Через пару кварталов запрыгиваю в автобус. Покружив по городу еще около часа, убеждаюсь в отсутствии слежки. Домой я попадаю под вечер, ужасно уставшая, голодная и испуганная. Мама дремлет на маленьком диванчике в гостиной, и я, прокравшись в свою комнату, обессиленно падаю на кровать. Крупные слезы обжигают мои щеки, а подушка впитывает громкий, отчаянный всхлип. Не знаю, как долго я плачу, но вскоре, так и не снимая грязной одежды, заворачиваюсь в теплый плед и засыпаю.
Глава 4
Мое пробуждение похоже на предпоследний круг ада. Почему предпоследний? Да потому, что когда я встаю, ощущаю себя на последнем. Голова дико раскалывается на мелкие неравные части, тело ноет, как после кардиотренировки, во рту пересохло. Я подхожу к зеркалу и ною в голос. Вчерашний не смытый дождем макияж размазался слезами по щекам и засох черным потеками по лицу. Веки опухли после ночной истерики и беспокойного сна. Светлые волосы спутались и висят по обе стороны помятого лица длинными взлохмаченными прядями.
Да уж, ну и видок!
В
Кожа головы вмиг холодеет от ужаса. А что, если действительно узнали? Я даже не могу обратиться за помощью, ведь меня либо сочтут за сумасшедшую, либо попросту не смогут помочь. Мои преследователи не совсем люди, а потому обычному человеку спастись от них невозможно. Так что же делать?
От этих вопросов голова начинает болеть еще больше. Я накидываю на плечи вязаную кофту и выхожу в гостиную. Мама уже не спит, она сидит на диване и, поджав под себя ноги, читает книгу. Тусклые каштановые волосы собраны в небрежный пучок на затылке. Услышав, что я зашла, она поднимает на меня радостный взгляд, но тут же мрачнее:
– Что с тобой, дочка?
– Все хорошо! – дергано отвечаю я. Мне правда трудно объяснить, что происходит, но не заметить, что у меня проблемы, невозможно. – У нас есть кофе?
– Да, у нас есть кофе.
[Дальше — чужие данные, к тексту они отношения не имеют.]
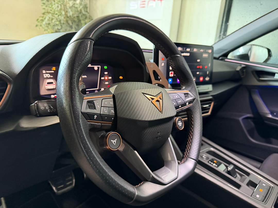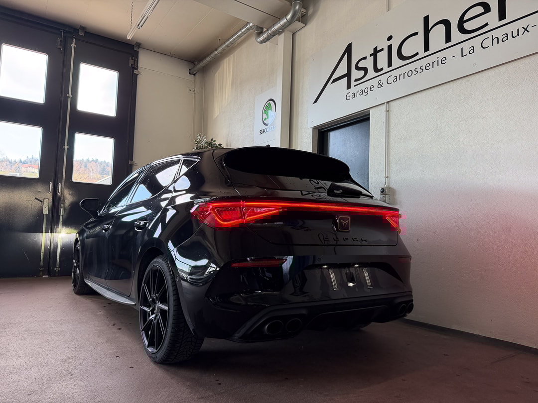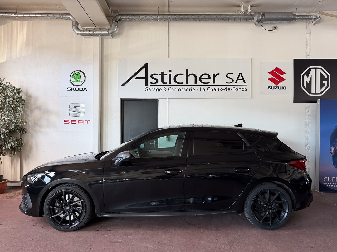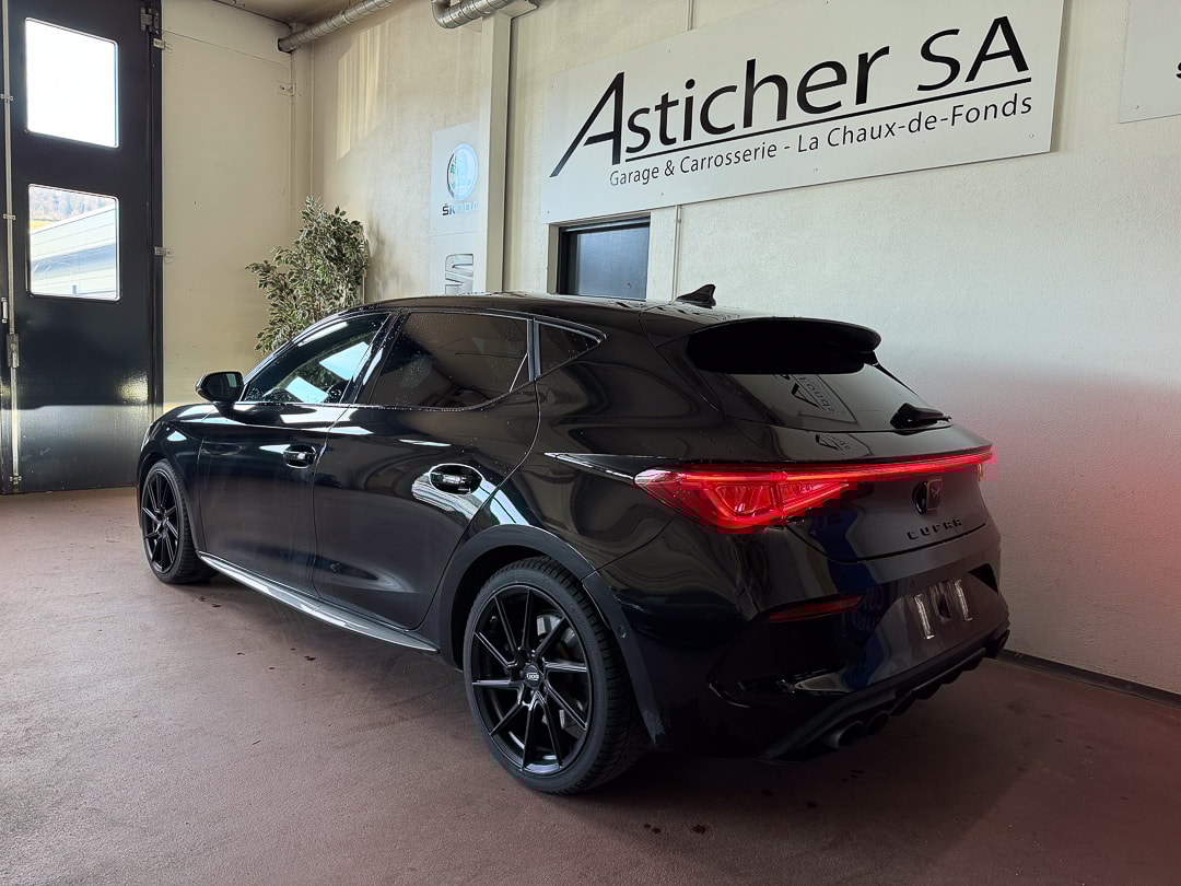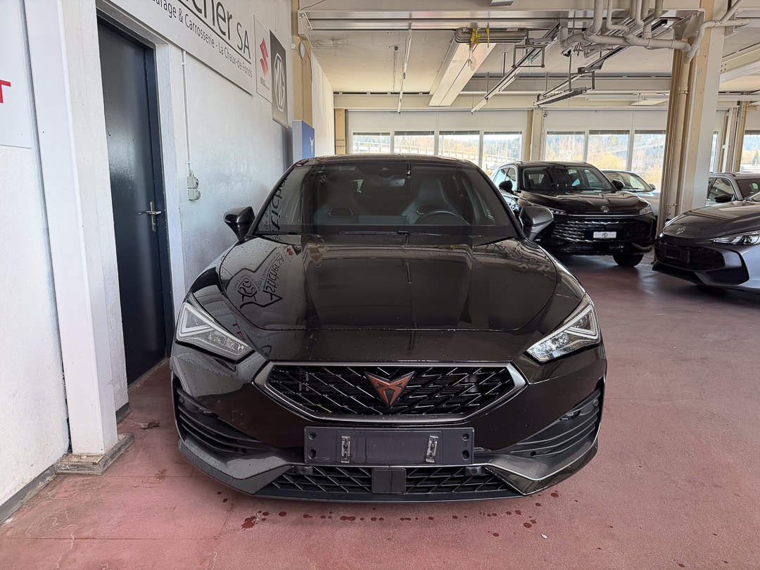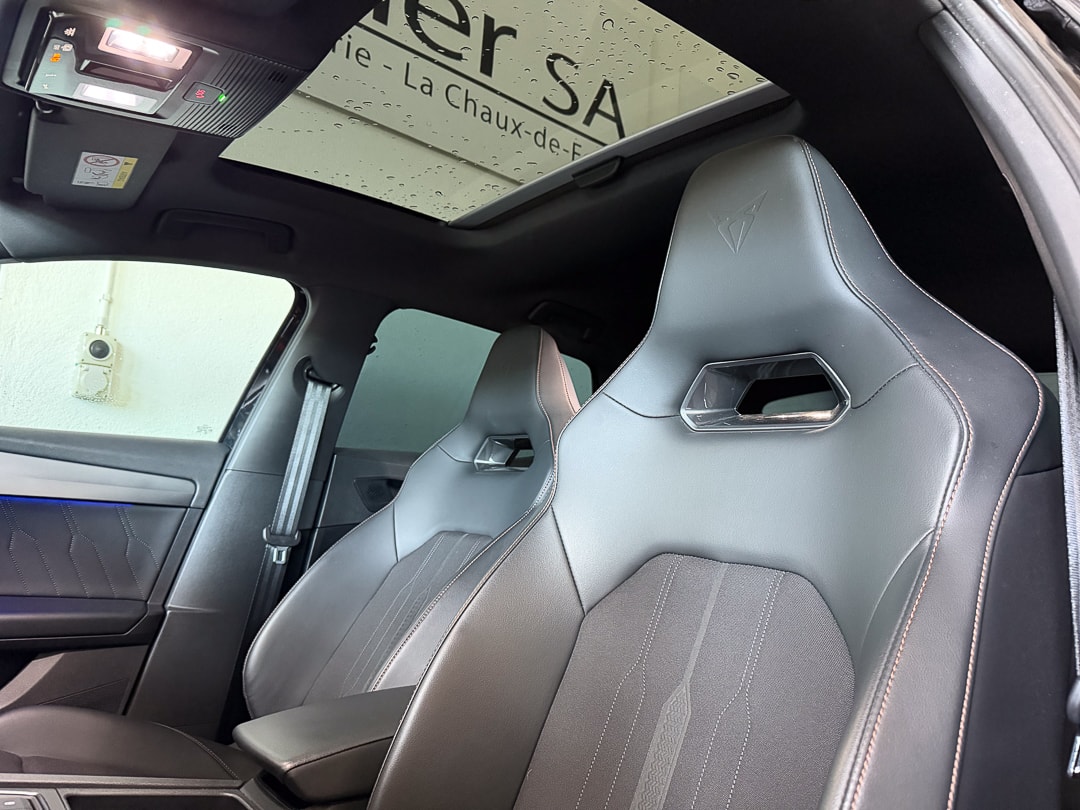 ABS, EBV elektronische Bremskraft-verteilung Abgedunkelte Scheiben ab B-Säule hinten Airbag: Airbag Beifahrer deaktivierbar Airbag: Airbag Fahrer und Beifahrer Airbag: Kopfairbags vorne und hinten Airbag: Seitenairbags für Fahrer und Beifahrer Ancrage de siège enfant ISOFIX (sièges arrières ext.) Assist: Einparkhilfe hinten Assist: Elektronische Parkbremse mit Auto Hold Funktion Assist: Multifunktionskamera Assist: Multikollisionsbremse Assist: PreCrash Sicherheitssystem Assist: Tiredness detection (détecteur de fatigue) Assist: Traction Control (TCS), désactivable Aussenspiegel elektrisch einstell-, beheiz- und einklappbar mit Beifahrerabsenkfunktion Baguettes décoratives cerclant les fenêtres latérales en noir brillant CUPRA Drive Profile avec "driving experience button"Comfort, Sport, CUPRA, Individual Capteur de pluie et lumière Capteurs de stationnement Midnight Black Ceintures de sécurité automatiques à trois points à toutes les places Clima: Climatronic 3 zones Contrôle du port de ceinture de sécurité pour tous le sièges Décor: Éléments décoratifs en copper ESC avec EBA, DSR et système de contrôle de pression des pneus Elektrische Fensterheber vorne und hinten mit Komfortschaltung und Einklemmschutz Etriers de freins l'avant et à l'arrière en noir Garantie: 2 Jahre ohne Kilometerbegrenzung (ab 1. Inv.) Gasoline Particule Filter Getriebe: 7-Gang-Sequentielle-Getriebe mit Automatikfunktion Heckscheiben-Wisch-/Waschanlage mit Intervall Lackierung: Uni-Lackierung Licht: Drittes Bremslicht Licht: Durchgehende Full LED-Heckleuchten Licht: LED-Heckleuchten mit dynamischem Blinklicht Licht: LED-Nebelscheinwerfer mit Cornering-Funktion Licht: LED-Scheinwerfer für Abblend- und Fernlicht Licht: Leuchtweitenregulierung Lumière: Fonction Coming Leaving Home Media: 12" Infotainment (MIB3) Media: 2 USB C Anschlüsse hinten und vorne Media: CUPRA Navigationssystem Media: DAB+ (Digital Audio Broadcasting) Media: Kartenmaterial ''Europa'' Media: Mobiltelefon Freisprechanlage Bluetooth Mittelarmlehne vorne und hinten Mèdias: CUPRA Connect Online Infotainment pour navigation Mèdias: CUPRA Connect Remote & Access pour navigation Mèdias: CUPRA Connect Safety & Services pour le systeme de navigation Pare-chocs sportif avec diffuseur arrière en couleur carrosserie Pollenfilter (Staubfilter) Porte-documents sous le siège du chauffeur avant Pyrotechnische Gurtstraffer und Gurtkraftbegrenzer Roues: Jantes en alu 8J x 19", "EXCLUSIVE" 30/1 (235/35 R19) Roues: Roue de secours peu encombrante Räder: Reifendruck-Kontrollanzeige Rétroviseur intérieur anti-éblouissement Rétroviseurs extérieurs avec clignotants à LED Rétroviseurs extérieurs en Cosmo Grey, poignées de porte dans la couleur de la carrosserie Servolenkung mit geschwindigkeitsabhängiger Lenkkraftunterstützung Sitze: Geteilt abklappbare Rücksitzlehne 1/3 - 2/3 Sitze: Kindersitzverankerung ISOFIX hinten Sitze: Vordersitze höhenverstellbar Sièges: 2 appuie-têtes réglables à lavant et 3 à larrière Sièges: Porte-documents sous le siège du chauffeur avant Sièges: Sièges baquets CUPRA Sport en "Sharp textile black" Stopp - Start- und Rekuperationssystem Suspension: Blocage du différentiel de l'essieu avant Systeme d'échappement sport avec 4 sorties d'échappement Système de commencement et de fermeture KESSY Tapis de sol avant et arrière Volant: Volant multifonction chauffant en cuir avec palettes de changement de vitesse Wegfahrsperre elektronisch Zentralverriegelung mit Funkfernbedienung, 2 Funkschlüssel masquer soleil conducteur et passager Éclairage de l'habitacle LED avec Eclairage d'ambiance Smart Wraparound "Multicolor"

Перси? – Мама вопросительно изгибает одну бровь.
Я нервно дергаю плечами и достаю с полки банку. Отвернувшись от внимательного взгляда родительницы, я беру высокую чашку и насыпаю в нее две ложки черного порошка. Да, мне нужно взбодриться, и лучший помощник в этом деле – кофе. Чайник вскипает мучительно долго, и все это время я спиной чувствую взгляд мамы, но не спешу оборачиваться. Что я ей скажу? Залив кипятком напиток, добавляю в него изрядную долю сливок и пару ложек сахара. Как не пытаюсь я оттянуть момент, но поговорить все же придется. Медленно поворачиваюсь и встречаюсь с мамой взглядом.
– Да, у меня проблемы! – выдыхаю я.
– Что-то в колледже или на работе? – аккуратно уточняет она, боясь спугнуть мое решение все ей рассказать.
Нельзя назвать меня слишком скрытным человеком. Мы с мамой много чем делимся, особенно когда остались одни, вдвоем против всего мира. Но заботясь о ее здоровье, прежде всего душевном, я не спешу рассказывать ей о проблемах, предпочитая решать все сама. Она не знает сумму счетов, оттого спит спокойнее, а я, в свою очередь, уверена в том, что ее маленький мир, ограничивающийся нашей квартиркой, не будет подвергаться ненужным нервным потрясениям.
– Да, то есть нет… – мямлю я, собираясь с мыслями. Подхватив корзинку с любимым печеньем и с чашкой в другой руке, сажусь рядом с мамой.
– Мне кажется, меня преследуют.
– Что ты имеешь в виду? – Брови родительницы сходятся на переносице. – Кто преследует?
Я нарочно медленно отпиваю горячего кофе, раздумывая над тем количеством информации, которое могу сказать без последствий для маминого нервного здоровья. Но и молчать нет смысла. Если нам угрожает опасность, мама должна знать.